Having cystic fibrosis and experiencing quality care as a patient has made me feel confident in my ability to provide quality care for another person. I heard someone say once that CF patients are more sensitive to other people's needs because we're always having to monitor ourselves. And that vigilance can carry over into other parts of life, like when you switch from being the one who needs the care to becoming the one who provides the care.
The caregiver switch happened when my fiancé, now husband, had open heart surgery. It all came about rather suddenly, but we did have time to prepare plans for how he'd be cared for once he came home and was recovering from such an extensive surgery.
Something that I struggled with, and had to accept, was that I wouldn't be able to be the caregiver in the traditional sense.
I couldn't be there for him in the ways he had been there for me so many times before. It was a difficult truth for me to accept.
To deal with this reality, we set a plan in place. Our best friends would be with us in the intensive care unit (ICU) waiting room and one of their jobs was to make sure I took care of myself. Although I am an incredibly compliant patient, when it comes to stressful situations, it is human nature to forget to eat, drink water, or do that mid-afternoon treatment. Our minds are elsewhere, and we need help to stay on top of everything, especially when our own health is at stake.
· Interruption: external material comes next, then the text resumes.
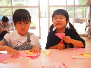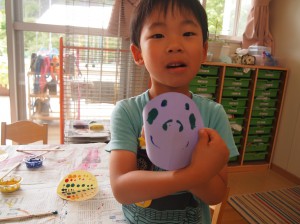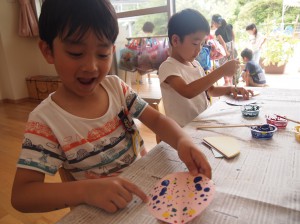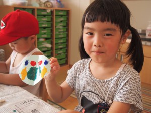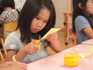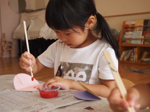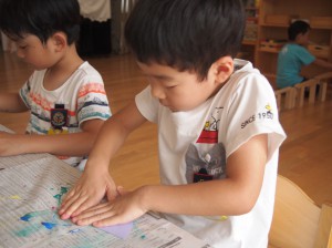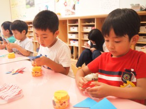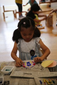 2018.07.09 未分類 七夕飾り作ったよ(年長組) 2018年 7月七夕も近づいてきて、年長組では短冊と四角つなぎを作りました。 はさみや絵の具、いろいろな用具をゆっくり慎重に扱うことができるようになってきてこの通り、取り組む表情もいいですね!! 絵の具で模様をつけた丸い色画用紙 半分に折りたたんでデカルコマニー小さな紙に慎重に模様を乗せていき広げてみた時の嬉しさ・驚きこれがどのような笹飾りになっているかは見てからのお楽しみ ? 一覧に戻る

Once my fiancé was out of the ICU, I had to go home to rest, which is something we agreed upon when we learned of his surgery. Because he would spend four to five more days in the hospital, we spoke with friends in the area, and they happily checked in on him every day. In addition to the ICU group and the daily visitor group, we also had a couple of people from our church who drove him to and from his appointments that were three hours away from home. And once he got home, we also scheduled sitters to stay with him when his brother -- and roommate -- was at work.
Having to prioritize my health, while still having the desire to be available to my fiancé, meant that I had to accept I couldn't do everything.
Surrendering parts of caregiving to others was hard, but it was a decision that had to be made -- not only for my health, but for his health, as well.
Although, I couldn't be the caregiver I wanted so desperately to be, there were things I was able to do. Due to my comfort levels in hospitals and with medical staff, I was able to be his advocate when we weren't familiar with terms, plans, etc. Because of my decades-long history of organizing and timing my own medications to near perfection, I was able to do the same for him. A man who never took medicine before in his adult life beyond an occasional Advil, now had a medicine cabinet filled to the brim with incomprehensible medical terms and overwhelming instructions; but they made sense to me. And although keeping all his medications straight wasn't caregiving in the traditional sense, it was still caregiving.
We have to remember that just like we can't go through the valleys and hills of this illness alone, we can't approach difficult moments in life alone either. To provide care for the ones we love, let's look to our strengths, acknowledge our weaknesses, and ask people to fill in the gaps.
People want to help. We need to be brave enough to ask for that help. And that is how we can be caregivers too.